━━ Data to process ━━

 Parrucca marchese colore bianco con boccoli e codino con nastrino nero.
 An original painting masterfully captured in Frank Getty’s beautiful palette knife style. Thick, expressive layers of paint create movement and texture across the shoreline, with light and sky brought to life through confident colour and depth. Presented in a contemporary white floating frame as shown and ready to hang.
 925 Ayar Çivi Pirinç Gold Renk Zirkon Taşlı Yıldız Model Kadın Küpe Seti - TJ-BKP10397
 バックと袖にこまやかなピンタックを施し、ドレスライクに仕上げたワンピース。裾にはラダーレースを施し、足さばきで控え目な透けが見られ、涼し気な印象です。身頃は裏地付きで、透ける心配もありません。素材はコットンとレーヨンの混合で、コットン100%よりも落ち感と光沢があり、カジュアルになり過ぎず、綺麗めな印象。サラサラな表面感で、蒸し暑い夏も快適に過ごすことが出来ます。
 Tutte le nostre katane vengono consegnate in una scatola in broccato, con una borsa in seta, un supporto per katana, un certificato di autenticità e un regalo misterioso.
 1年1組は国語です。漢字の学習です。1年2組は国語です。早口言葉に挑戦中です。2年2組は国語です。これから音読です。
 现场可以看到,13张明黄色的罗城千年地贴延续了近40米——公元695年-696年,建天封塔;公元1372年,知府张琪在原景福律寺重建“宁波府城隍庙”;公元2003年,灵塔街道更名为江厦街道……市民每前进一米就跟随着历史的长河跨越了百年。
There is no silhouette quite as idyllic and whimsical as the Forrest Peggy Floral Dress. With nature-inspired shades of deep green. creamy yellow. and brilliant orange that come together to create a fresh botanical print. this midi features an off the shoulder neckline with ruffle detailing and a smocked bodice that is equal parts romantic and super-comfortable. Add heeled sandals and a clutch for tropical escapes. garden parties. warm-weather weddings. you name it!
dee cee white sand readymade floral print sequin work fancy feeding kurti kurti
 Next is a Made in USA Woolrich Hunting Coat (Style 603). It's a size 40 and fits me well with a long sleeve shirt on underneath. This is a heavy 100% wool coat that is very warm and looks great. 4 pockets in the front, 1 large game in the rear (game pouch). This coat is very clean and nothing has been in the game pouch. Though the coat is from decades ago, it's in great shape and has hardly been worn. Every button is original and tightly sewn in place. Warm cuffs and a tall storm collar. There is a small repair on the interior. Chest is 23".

━━━

§ What to work on
Above this task is a listing. Restate, word for word and with nothing added, the lines from the one with "Tutte le nostre" through the one with "dee cee white".

§ Output
 Tutte le nostre katane vengono consegnate in una scatola in broccato, con una borsa in seta, un supporto per katana, un certificato di autenticità e un regalo misterioso.
 1年1組は国語です。漢字の学習です。1年2組は国語です。早口言葉に挑戦中です。2年2組は国語です。これから音読です。
 现场可以看到,13张明黄色的罗城千年地贴延续了近40米——公元695年-696年,建天封塔;公元1372年,知府张琪在原景福律寺重建“宁波府城隍庙”;公元2003年,灵塔街道更名为江厦街道……市民每前进一米就跟随着历史的长河跨越了百年。
There is no silhouette quite as idyllic and whimsical as the Forrest Peggy Floral Dress. With nature-inspired shades of deep green. creamy yellow. and brilliant orange that come together to create a fresh botanical print. this midi features an off the shoulder neckline with ruffle detailing and a smocked bodice that is equal parts romantic and super-comfortable. Add heeled sandals and a clutch for tropical escapes. garden parties. warm-weather weddings. you name it!
dee cee white sand readymade floral print sequin work fancy feeding kurti kurti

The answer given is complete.